AIM OF THE EXERCISE: What's needed is the listing below, repeated word for word with no pictures.

DATA SEGMENT:
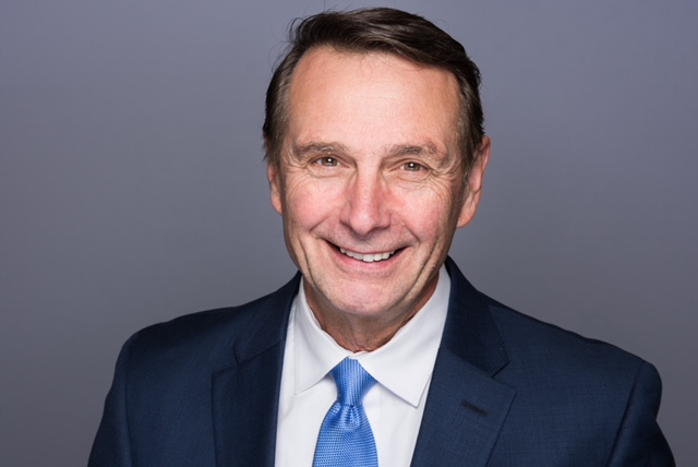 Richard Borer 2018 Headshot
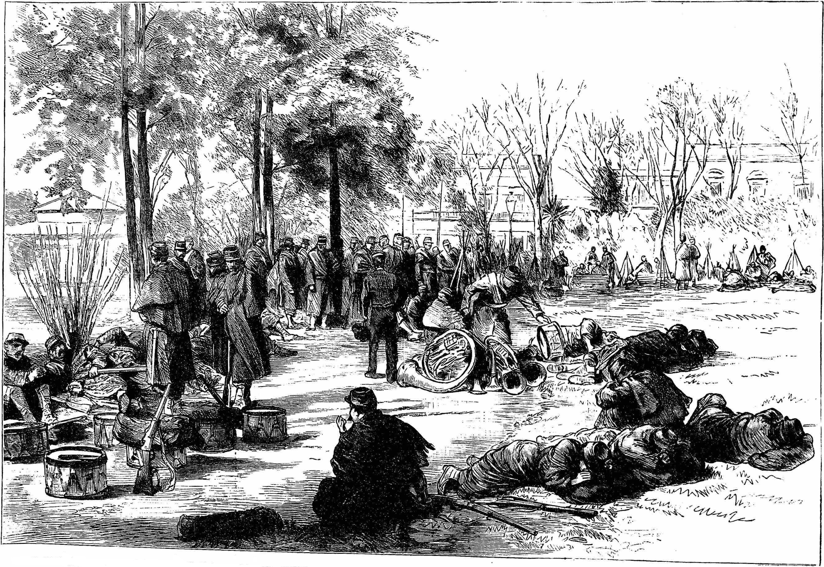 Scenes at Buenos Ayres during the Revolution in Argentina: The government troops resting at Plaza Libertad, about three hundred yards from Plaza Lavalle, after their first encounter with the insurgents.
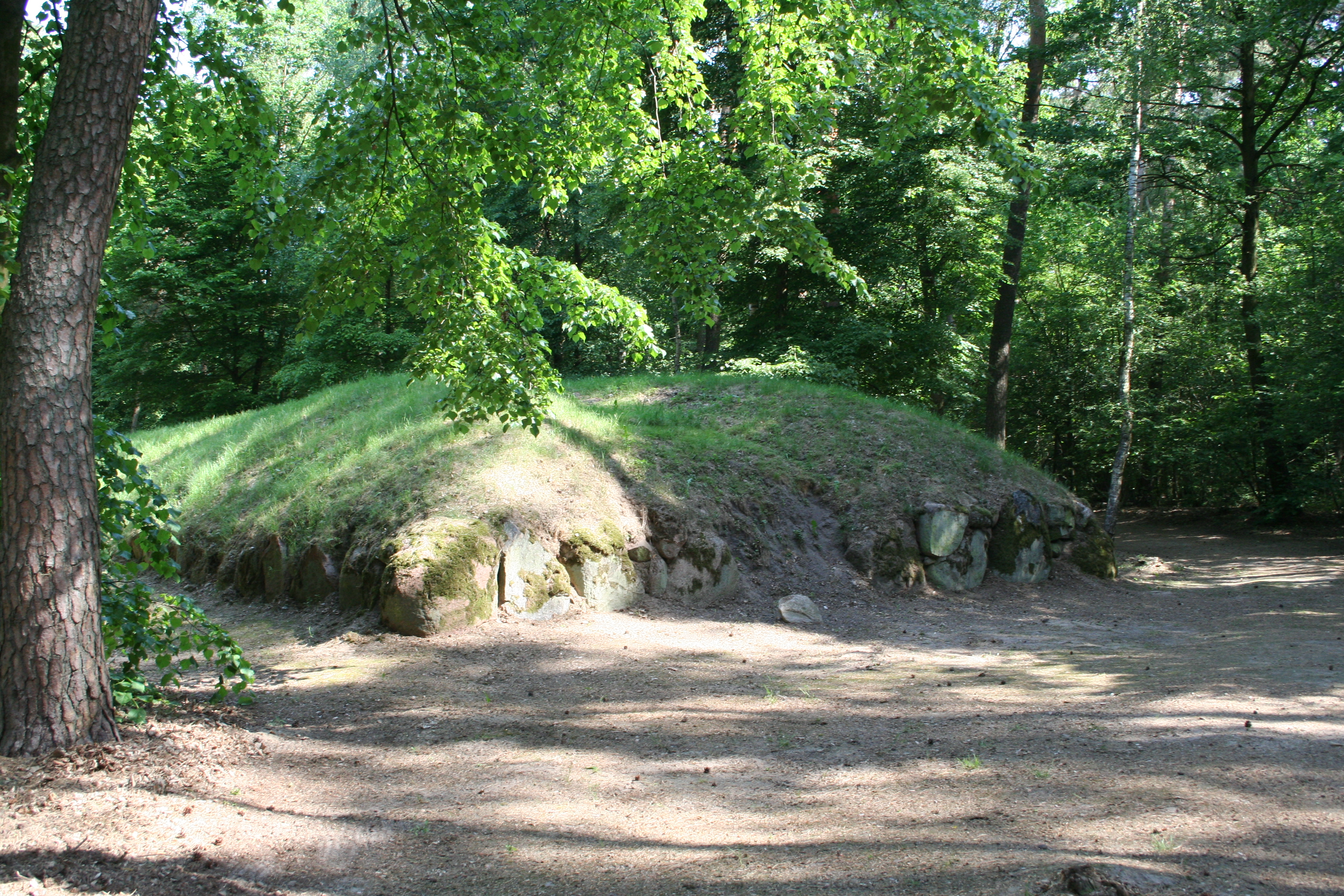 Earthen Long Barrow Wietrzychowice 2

OUTPUT:
 Richard Borer 2018 Headshot
 Scenes at Buenos Ayres during the Revolution in Argentina: The government troops resting at Plaza Libertad, about three hundred yards from Plaza Lavalle, after their first encounter with the insurgents.
 Earthen Long Barrow Wietrzychowice 2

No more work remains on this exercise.